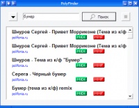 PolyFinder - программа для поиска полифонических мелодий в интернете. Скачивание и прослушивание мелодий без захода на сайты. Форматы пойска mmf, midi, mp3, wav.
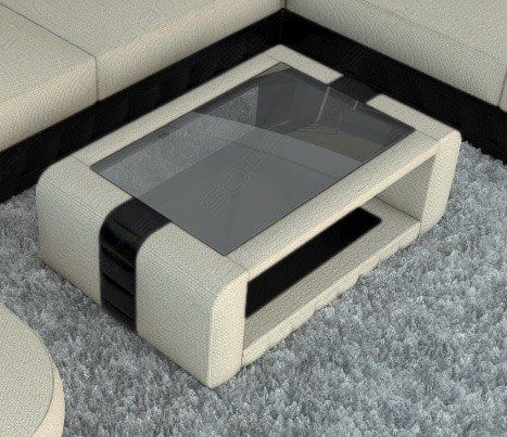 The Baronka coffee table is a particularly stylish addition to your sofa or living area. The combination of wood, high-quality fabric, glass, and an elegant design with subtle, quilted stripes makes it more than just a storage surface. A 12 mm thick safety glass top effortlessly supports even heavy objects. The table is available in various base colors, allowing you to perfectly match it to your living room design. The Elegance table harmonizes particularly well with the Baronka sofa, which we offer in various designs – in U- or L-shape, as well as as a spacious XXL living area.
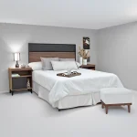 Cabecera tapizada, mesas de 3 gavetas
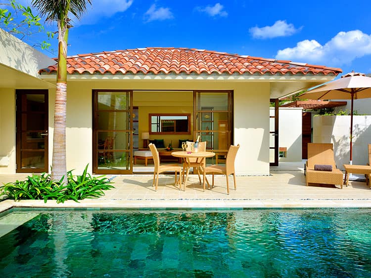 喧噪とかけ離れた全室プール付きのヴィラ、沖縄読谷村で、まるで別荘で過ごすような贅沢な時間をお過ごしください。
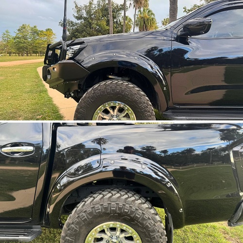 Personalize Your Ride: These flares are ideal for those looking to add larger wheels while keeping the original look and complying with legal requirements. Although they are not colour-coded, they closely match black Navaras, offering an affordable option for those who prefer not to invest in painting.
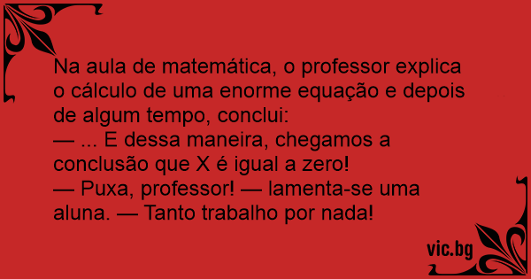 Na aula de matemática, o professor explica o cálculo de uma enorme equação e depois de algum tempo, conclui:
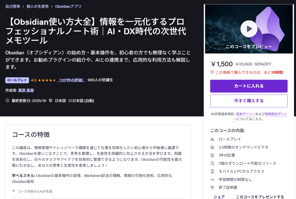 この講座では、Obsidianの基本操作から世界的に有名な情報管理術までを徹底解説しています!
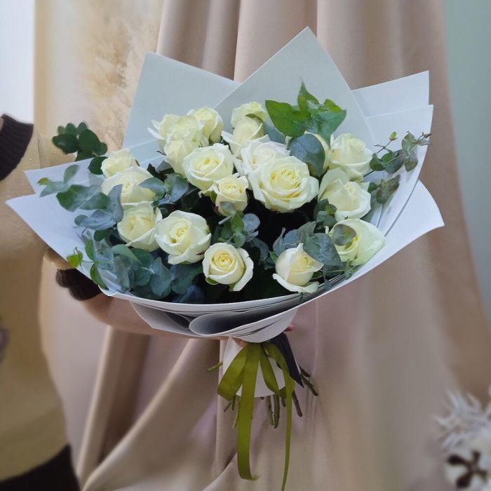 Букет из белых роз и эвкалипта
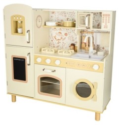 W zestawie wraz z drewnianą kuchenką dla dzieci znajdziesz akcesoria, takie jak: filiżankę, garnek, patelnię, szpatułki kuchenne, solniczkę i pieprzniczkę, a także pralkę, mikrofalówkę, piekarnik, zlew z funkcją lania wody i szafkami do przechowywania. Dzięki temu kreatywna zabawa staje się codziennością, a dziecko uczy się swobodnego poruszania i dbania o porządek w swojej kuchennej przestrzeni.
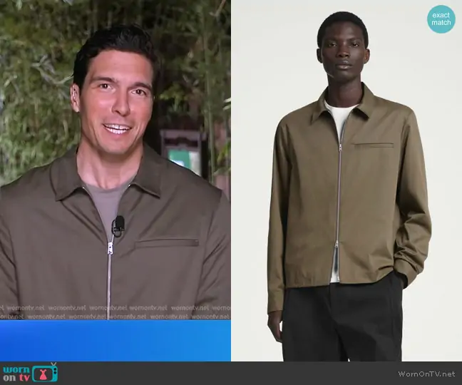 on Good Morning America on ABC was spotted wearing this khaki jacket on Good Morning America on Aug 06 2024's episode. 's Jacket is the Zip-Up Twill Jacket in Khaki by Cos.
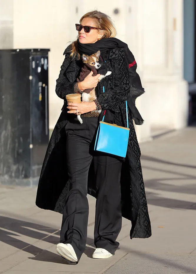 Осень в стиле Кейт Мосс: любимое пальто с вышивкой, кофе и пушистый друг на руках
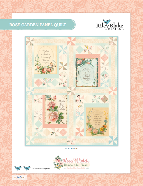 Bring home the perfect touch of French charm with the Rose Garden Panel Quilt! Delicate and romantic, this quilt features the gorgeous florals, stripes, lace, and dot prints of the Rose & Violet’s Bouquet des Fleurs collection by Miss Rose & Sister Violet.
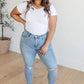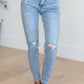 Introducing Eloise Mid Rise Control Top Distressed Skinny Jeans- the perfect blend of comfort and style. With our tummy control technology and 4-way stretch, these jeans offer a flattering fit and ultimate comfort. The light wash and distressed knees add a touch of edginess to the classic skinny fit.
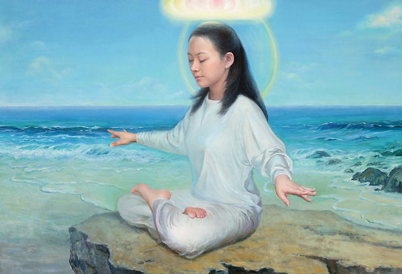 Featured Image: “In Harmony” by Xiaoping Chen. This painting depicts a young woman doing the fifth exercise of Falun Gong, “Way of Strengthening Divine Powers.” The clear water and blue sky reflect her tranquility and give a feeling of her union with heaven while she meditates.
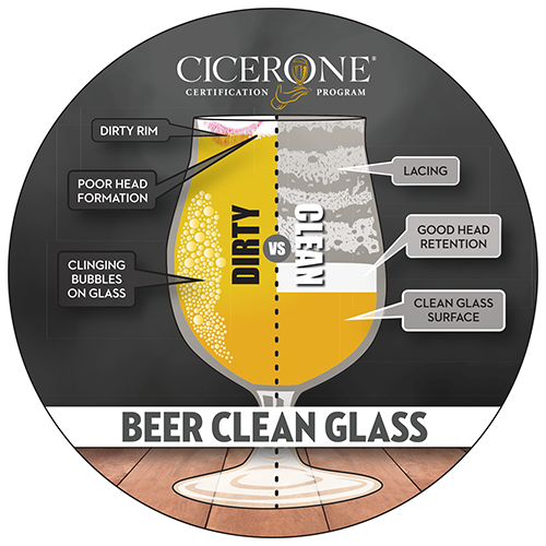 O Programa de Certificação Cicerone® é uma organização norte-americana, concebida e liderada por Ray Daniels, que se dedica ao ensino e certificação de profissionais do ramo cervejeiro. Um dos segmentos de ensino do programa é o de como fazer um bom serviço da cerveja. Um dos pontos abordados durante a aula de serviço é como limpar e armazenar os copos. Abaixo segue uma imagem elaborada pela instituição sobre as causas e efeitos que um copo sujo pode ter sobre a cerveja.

### Directions for this task:
An exact copy is needed. It runs from the line above containing "この講座では、Obsidia" down to the line containing "Осень в стиле", both included, with no pictures.

### Solution to this task:
 この講座では、Obsidianの基本操作から世界的に有名な情報管理術までを徹底解説しています!
 Букет из белых роз и эвкалипта
 W zestawie wraz z drewnianą kuchenką dla dzieci znajdziesz akcesoria, takie jak: filiżankę, garnek, patelnię, szpatułki kuchenne, solniczkę i pieprzniczkę, a także pralkę, mikrofalówkę, piekarnik, zlew z funkcją lania wody i szafkami do przechowywania. Dzięki temu kreatywna zabawa staje się codziennością, a dziecko uczy się swobodnego poruszania i dbania o porządek w swojej kuchennej przestrzeni.
 on Good Morning America on ABC was spotted wearing this khaki jacket on Good Morning America on Aug 06 2024's episode. 's Jacket is the Zip-Up Twill Jacket in Khaki by Cos.
 Осень в стиле Кейт Мосс: любимое пальто с вышивкой, кофе и пушистый друг на руках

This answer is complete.